Вайлис отлично понимал, что будет дальше: сейчас ему набьют рожу перед фронтом, и все остальные будут стоять потупившись. Выходить из фронта нельзя, это обособит его от остальных. Нельзя отделяться от всех тридцати двух: тогда будешь один. Один человек всегда гибнет.
— Я не подговаривал, ваше высокоблагородие, — сказал он, не опуская глаз. — Спрашивайте со всех матросов… Мы хотим…
— Молчать!
Старший офицер допустил ошибку: можно бить человека, вырванного из толпы, но нельзя трогать его в толпе, когда плечо с плечом с ним стоят другие.
Перед поднятой рукой старшего офицера Вайлис отшатнулся — и фронт загудел. Чей-то голос истошно крикнул:
— Не за что бить, драконы!
Старший офицер, резко повернувшись, быстро пошел на ют. Лейтенант Греве, ступив на полшага вперед, опустил руку в задний карман, медленно обводя взглядом возбужденных людей. Он слегка побледнел, черные подстриженные усики еще резче обозначились над плотно сжатыми губами. Игра зашла далеко и стала острой и волнующей.
Шесть шагов… Стрелять надо в живот: в голову — промахнешься… Важно свалить первого, кто кинется, — тогда бросятся вперед унтер-офицеры…
Но никто не кидался на лейтенанта. Матросы неподвижны. Они хотят, чтобы выслушали их претензию. Они избрали для этого единственный вид протеста: не расходиться, пока их не выслушают. Они стояли неподвижно.
Жаль. Лейтенант Греве вынул руку из кармана. Жаль. Старший офицер позорно удрал и, если бы что случилось, Греве показал бы свою твердость и решительность. Характер и способности проявляются в острые моменты; иногда одна опасная минута скажет о человеке больше, чем годы службы. Жаль. Дело было бы громкое, и все узнали бы, каков лейтенант Греве. И все забыли бы, что он не сумел заставить их разойтись… Но ждать больше нечего: они неспособны на поступки, пусть проветрятся.

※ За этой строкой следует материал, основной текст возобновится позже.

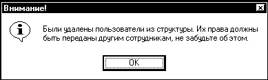 Удаление участников на узлахКак и узел, так и участников на этом узле, при необходимости, возможно удалять. Для выполнения данной операции необходимо установить курсор на необходимый узел и активизировать диалог навигатора. В представленном окне навигатора подразделения, отмените выбор активного пользователя. По закрытию окна навигатора, клавиша ОК, Вам будет выдано предупредительное сообщение, что из структуры были удалены пользователи, и их права должны быть переданы другим сотрудникам. Это говорит о том, что в модифицированной структуре появились “повисшие” права. Понятие “повисшие” права Объекты базы данных могут иметь различный статус. Статус объекта
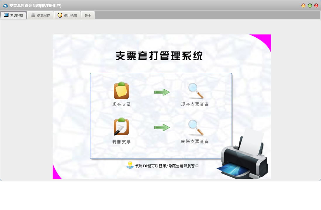 支票套打管理系统包含以下功能:现金支票查询、转账支票、日志、关于、权限设置、主板、现金支票、转账支票查询等
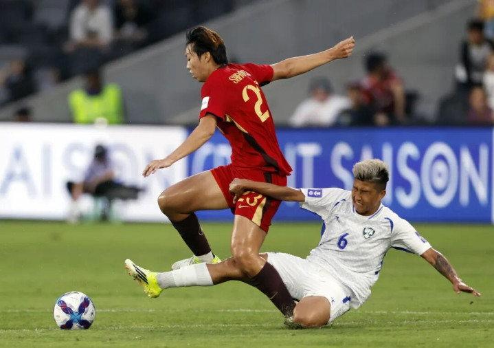 第30分钟,中国队获取角球契机,邵子钦在禁区内被对方后卫达达博耶娃拽倒,裁判判罚点球。邵子钦躬行操刀射中,为中国队首开记录。

Он медленно повернулся и, не торопясь, пошел вдоль фронта, кинув Хлебникову внятно и четко:
— Не подпускать сюда никого.
Молчание действует лучше крика, и неизвестность всегда пугает. Он ушел на ют, оставив вспышку догорать на левом борту в молчаливом кольце унтер-офицеров. Вспышка тлела в томительном одиночестве тридцати двух, заливаясь медленно наплывающей волной, — ощущением непоправимости и обреченности. Двадцать длинных минут синие фигуры еще продолжали нарушать порядок палубы, застыв перед несогнанной лужей.

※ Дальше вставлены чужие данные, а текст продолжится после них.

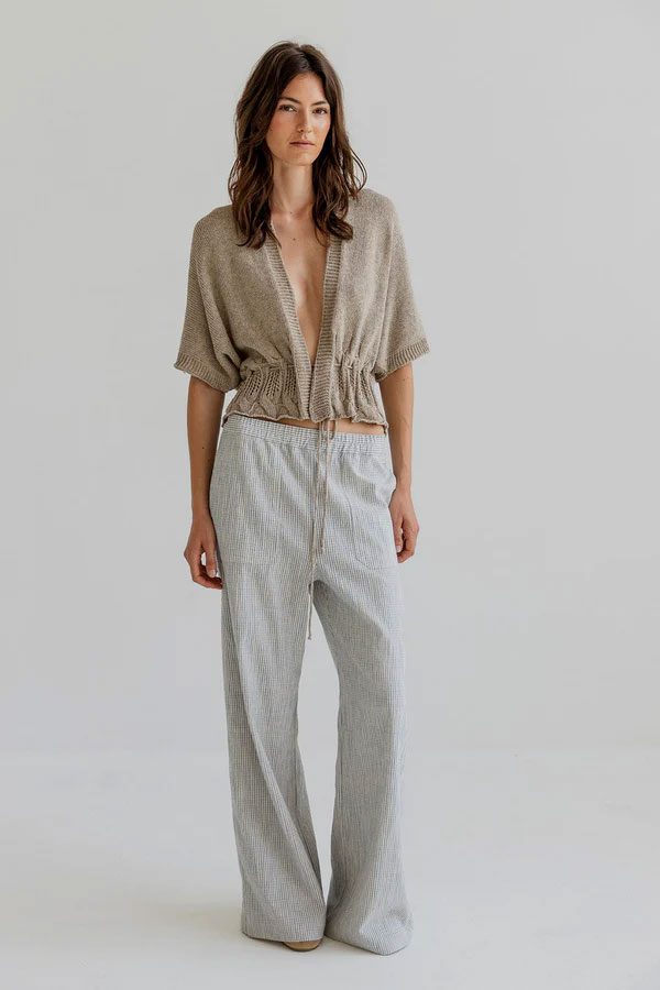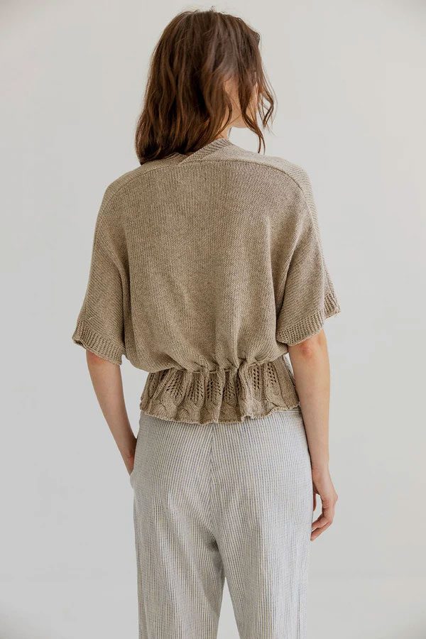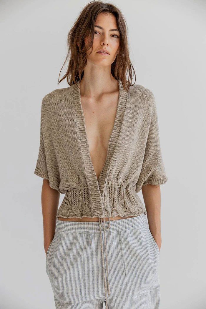 VINNIE is a short-sleeved summer cardigan with a deep V-neck and drawstring waist. The top is crafted in a soft textured knit with openwork details and wide rib trims.

За эти двадцать минут старший офицер имел три разговора, быстрых и напряженных, как во время боя. Первый — со старшим инженер-механиком. Капитан второго ранга Униловский в полной мере оценил обстановку. Он почувствовал неприятное посасывание внизу живота, но взял фуражку с внешней решимостью:
— В конце концов — я попробую… Но, Андрей Васильевич… Если они на вас замахнулись, то меня, — он развел руками, — меня просто выкинут за борт…
Старший офицер потушил папиросу резким жестом.
— Вы правы, вас они недолюбливают. Я доложу командиру.
Это был второй разговор. Командир корабля сидел, глубоко вдвинувшись в кресло у стола, и, опустив голову, внимательно смотрел на левую ногу старшего офицера. Низ брюк был забрызган, — неужели он бежал от матросов, не видя дороги? Шляпа… Старший офицер, внутренне проклиная себя за неожиданную торопливость речи, говорил неприлично быстро. Командир узнал, что тридцать два кочегара стоят во фронте, последовательно отказавшись от повиновения унтер-офицеру, вахтенному начальнику и старшему офицеру. Что при попытке их образумить старший офицер едва не был убит. Что старший инженер-механик давно считал это отделение неблагонадежным и выходить опасается. Что караул не вызывали, так как опасно разжигать страсти. Что все возможные меры приняты, но команда не расходится, почему старший офицер считает положение очень серьезным и только поэтому беспокоит командира.
Командир медленно гладил рыжие длинные усы. Он служил в офицерских чинах двадцать шесть лет; за это время можно научиться спокойствию. Шиянов раздул историю, осел, и теперь оправдывает собственную беспомощность. Но если это и не бунт, то это должно называться бунтом: раз дело дошло до командира, то оно тем самым не может рассматриваться как пустяк. Командир не мальчишка, чтобы делать то, что другие не догадались сделать, и если он начинает действовать, то должен действовать так, чтобы на его корабль не показывали пальцем.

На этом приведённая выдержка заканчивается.